I can guarantee that it is the best thing to migrate because after these new functions came up, I didn't want to go back, because it is worth it. Besides, you have more control and things get more organized.
 
Last edited:

DaveInDev

Member
That's not the first time I read that maps/lists can be replaced by structs/arrays, and I see the advantage of json_strinfigy, but I'm still dubitative. I must miss something.
Should every list becomes an array and every map a struct ?

An example : for the moment, I have
- a list of users, where each entry is a map { num_id_user, str_name, num_age, etc... }
- a list of missions, where each entry is a map { num_id_mission, str_name_mission, other mixed variables that described the mission }
- a list of hiscores_per_user that records every hiscore for every mission and every user. Each entry is a map, containing a list of maps
{ num_id_user : { {num_id_mission3 : hiscore_user_mission3 }, {num_id_mission1 : hiscore_user_mission1 } , etc.... }

should the map of users become a array of structs ? But then , I have not access to handy accessors, to quickly find the name of the user with id 99... Isn't it ?
same with other more complex nested array/structs like the hiscores per user and mission ?

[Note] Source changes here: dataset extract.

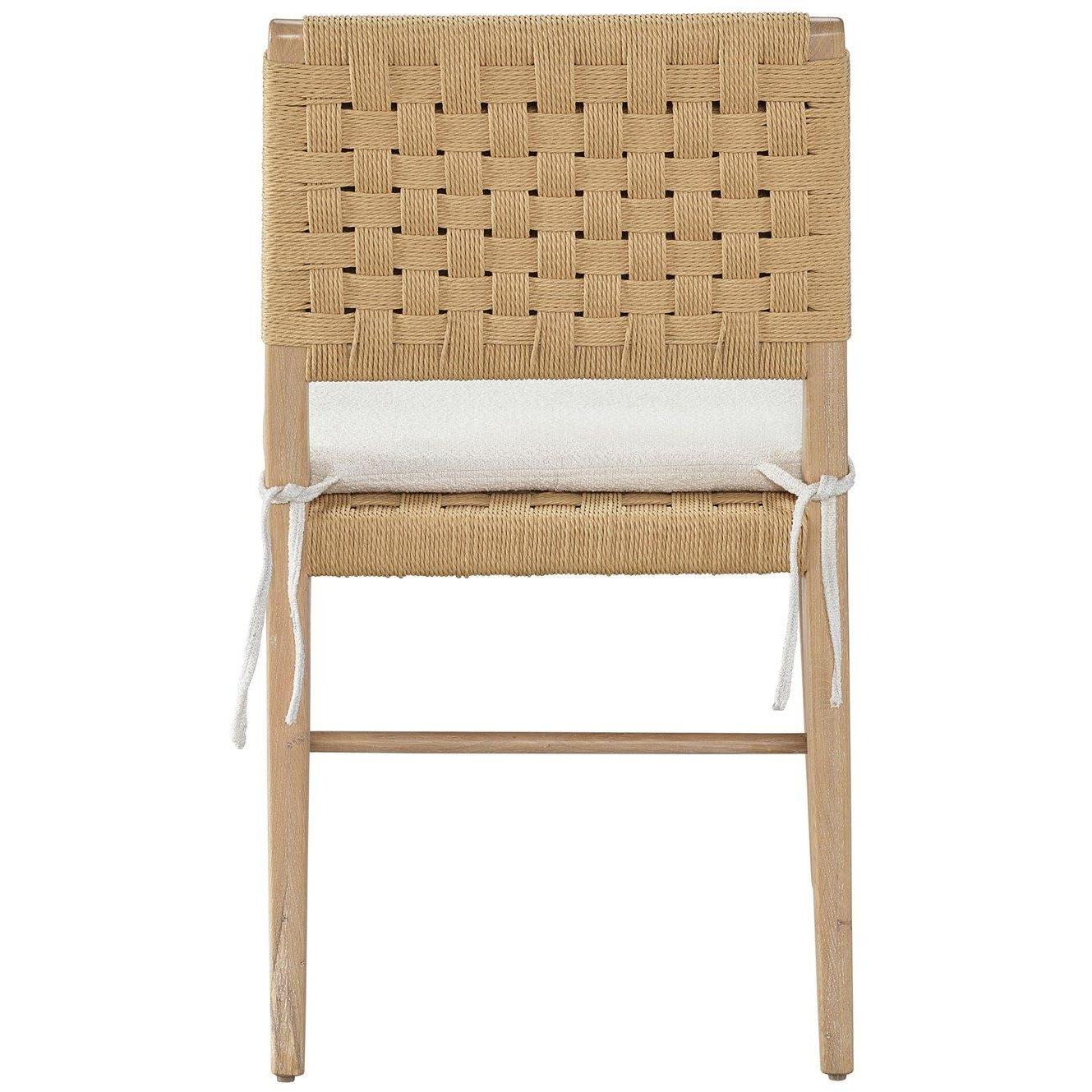 The lighthearted Woven Side Chair fuses a woven Danish cord back, oak-finished legs and a plush white seat cushion, making for a delightfully modern seat.

it also seems that arrays cannot be passed in a function by reference, as maps can be, involving a heavy copy. So should we avoid using them as function parameters ?
But what if I want to write a function that deals with the hiscores of one specific mission of one specific user ? Or a function that makes calculations on one generic mission ?

By the way, is it really efficient to manipulate big arrays like lists ? When you insert an item in the middle of the array, is it as efficient as inserting in a list ? (in C++ it's not because you copy all the right part of the array...)

All this is not so clear and equivalent for me.
 
Last edited:

TsukaYuriko

🌠
Forum Staff
Moderator
should the map of users become a array of structs ?
In general: Maps become structs. Lists become arrays.

But then , I have not access to handy accessors, to quickly find the name of the user with id 99... Isn't it ?
same with other more complex nested array/structs like the hiscores per user and mission ?
It doesn't get much simpler than return users[user_id].name;... compare that to return ds_map_find_value(ds_list_find_value(users, user_id), "name"); or even return users[| user_id][? "name"];.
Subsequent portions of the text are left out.